SLAAC with DHCPv6 Information Request

/etc/radvd.conf:

interface eth0 {
    AdvSendAdvert on;
    AdvOtherConfigFlag on;
    prefix 2001:db8:1:2::/64 {};
};

/etc/dhcp/dhcpd6.conf:

subnet6 2001:db8:1:2::/64 {
    option dhcp6.name-servers 2001:db8:1:2::ab;
    option dhcp6.domain-search "example.net";
}

This is often used to supply DNS information to hosts that don't support RDNSS/DNSSL in Router Advertisements. NetworkManager works well in this scenario if DHCPv6 packets get through firewall.

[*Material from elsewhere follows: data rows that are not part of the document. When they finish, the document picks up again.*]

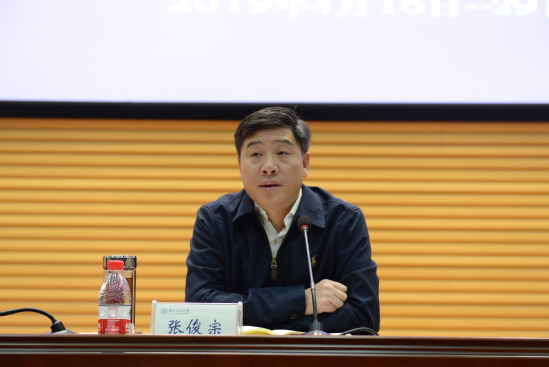 张俊宗指出,重视本科教育是高等教育的规律性问题,把本科教育放在人才培养的核心地位、教育教学的基础地位和新时代教育发展的前沿地位。要把此次本科教育工作会议精神和要求贯穿在全年工作之中,首先要抓稳抓细抓实,坚定推进“西北师大本科教育100条”落地生根,深刻领会全国本科教育工作会议精神,更新观念,打牢本科教育教学的思想基础。要坚持导向,纠偏认识,统一思想,真正做到“四个回归”和“八个首先”。要坚持“以本为本”,回归常识,围绕学生读书来办教育,引导学生求真学问、练真本领,合理为学生“减负”;要回归本分,使教师以教学为第一要务,热爱教学、倾心教学、研究教学;要回归初心,坚持正确的政治方向,用知识体系教、价值体系育、创新体系做,培养德智体美劳全面发展的社会主义建设者和接班人;要回归梦想,倾心实现教育报国、教育强国梦,实现中华民族的伟大复兴梦。要把立德树人贯穿到人才培养全过程,始终保持清醒头脑,牢牢站稳政治立场,确立“以学生为中心”的教育观念;要改进和加强思想政治教育,切实把做好思政工作作为学校的一项系统工程,充分挖掘专业课程的思政元素,推进课程思政、专业思政有机融合。要加强教育教学的过程管理,积极推进“新师范”“新工科”“卓越人才计划”建设,淘汰“水课”、努力打造一批深受学生欢迎的高质量金课”。立足实践、突出重点、激活动力,稳扎稳打推进“西师本科教育100条”落地生根,观念上,立足实际,容不得半点虚浮和官僚主义思想;行动上,要把本科教育教学总体要求和具体特点相结合,掌握复习提问、引入新课、讲授新课、归纳总结、课后作业五个课堂教学环节,提高教师科研、教学水平,改善教学条件,增强教学成果竞争力,加强教育成果培育,激发教师和学生积极性。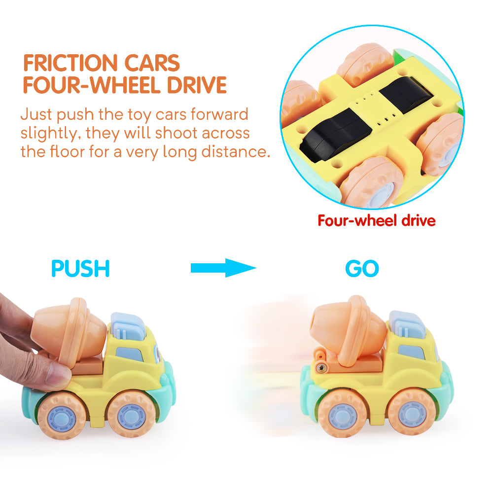 Gizmovine 4WD Mini Cartoon Inertial Cars Construction Vehicle Truck Toy Friction Powered Push Go
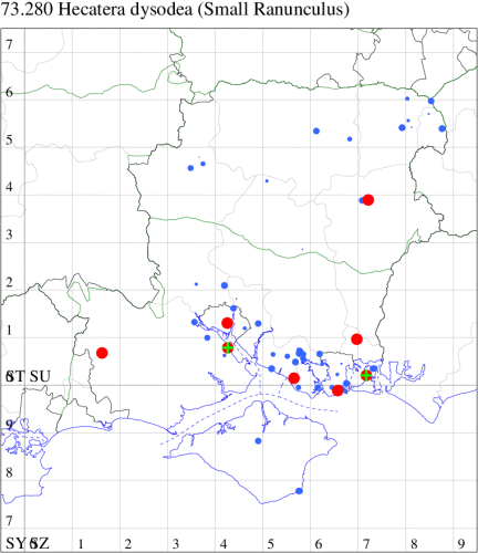 VC11: Earliest: Lee-on-Solent, 22 Jun, 1 (IHrg) Latest: Christchurch: Cross Way, 05 Sep, 1 (LPyk) Max count: Hengistbury Head, 30 Jul, 8 (MJef)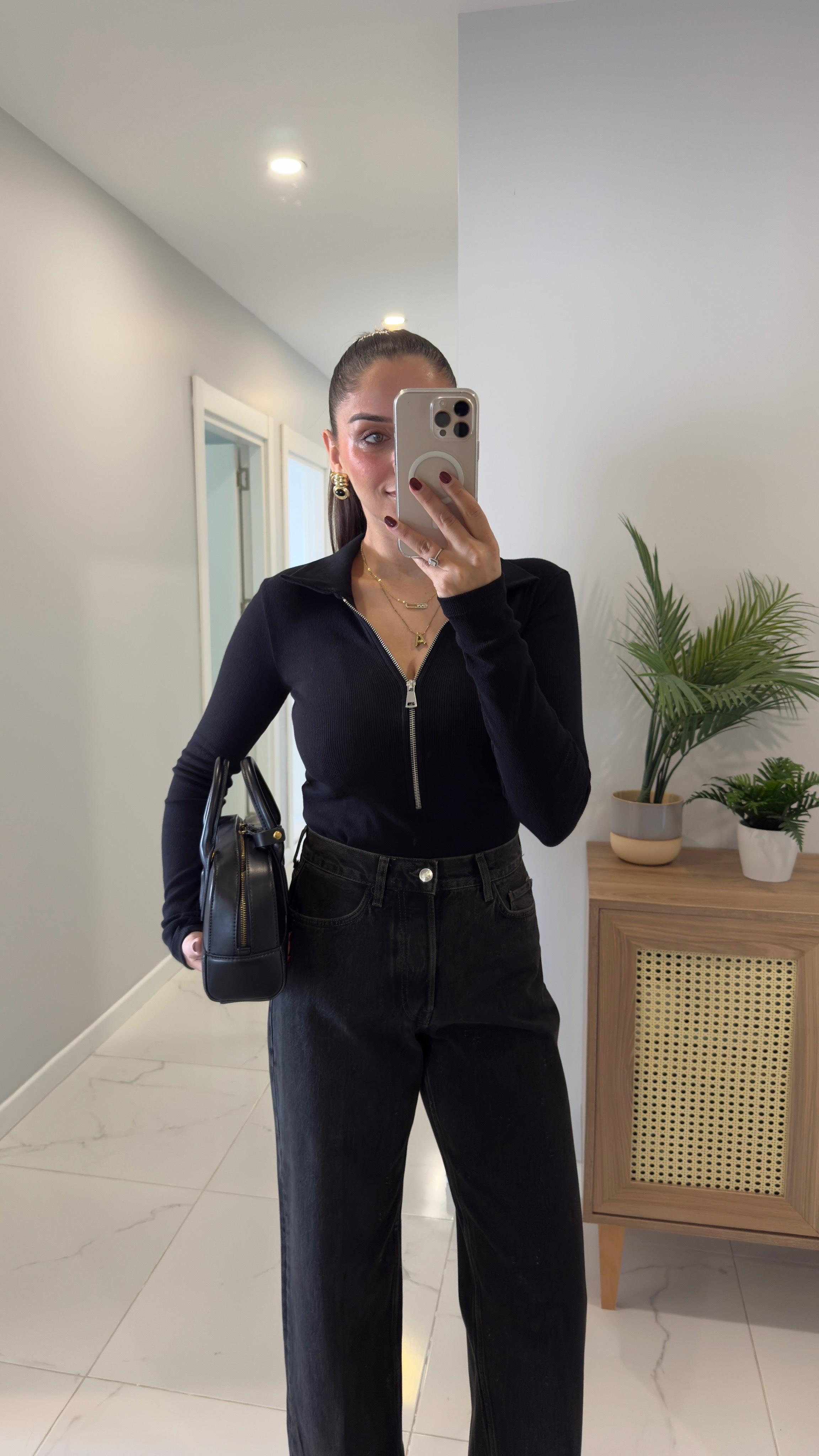 Ursa Siyah Fermuarlı Polo Yaka Bluz (BLZ125-SYH)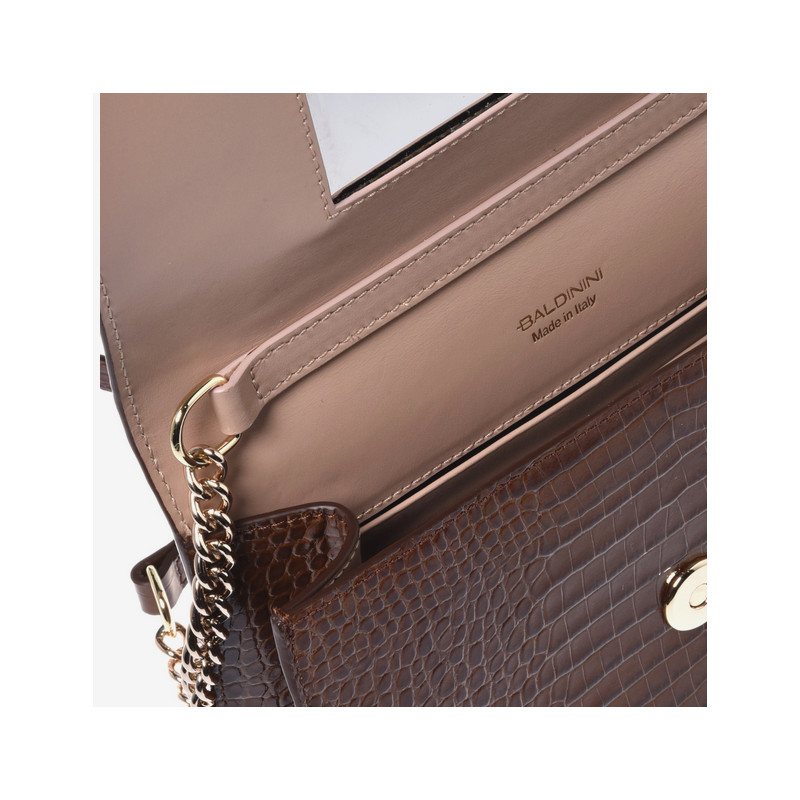 Provedení: Přírodní kůže s krokodýlím vzoremOzdoby: Zlatý kovBarva: HnědáUvnitř: Přihrádky na kartyRozměry: 20 x 13 x 6.5 cmJiné: Odnímatelný kovový popruhBaldinini, vyrobeno v Itálii.

There have been problems with IPv6 firewall blocking DHCPv6 exchange. Right now Fedora has two firewall configuration services. I hope to test both of them later.

DHCPv6 address-only, all other by RA

/etc/radvd.conf:

interface eth0 {
    AdvSendAdvert on;
    AdvManagedFlag on;
    prefix 2001:db8:1:2::/64 {
        AdvAutonomous off;
    };
    RDNSS 2001:abcd:1:1::ab {};
    DNSSL example.net {};
};

/etc/dhcp/dhcpd6.conf:

subnet6 2001:db8:1:2::/64 {
    range6 2001:db8:1:2::1:0000 2001:db8:1:2::1:ffff;
}

DHCPv6 is used only for address configuration, RA does everything else. NetworkManager works in this scenario except DNSSL (see above).

Note that AdvManagedFlag implies AdvOtherConfigFlag functionality too.

DHCPv6 address and DNS configuration

/etc/radvd.conf:

interface eth0 {
    AdvSendAdvert on;
    AdvManagedFlag on;
    prefix 2001:db8:1:2::/64 {
        AdvAutonomous off;
    };
};

/etc/dhcp/dhcpd6.conf:

subnet6 2001:db8:1:2::/64 {
    option dhcp6.name-servers 2001:db8:1:2::ab;
    option dhcp6.domain-search "example.net";
    range6 2001:db8:1:2::1:0000 2001:db8:1:2::1:ffff;
}

This is a typical DHCPv6 configuration. Note that routing information are stil delivered through Router Advertisements. NetworkManager may fail in this scenario.

IPv6 reconfiguration

IPv6 automatic configuration is pretty dynamic and can change very quickly. Currently NetworkManager doesn't respond well to some dynamic changes of configuration.

Note: Current version of NetworkManager (0.9.6) doesn't reflect default gateway changes in Router Advertisements.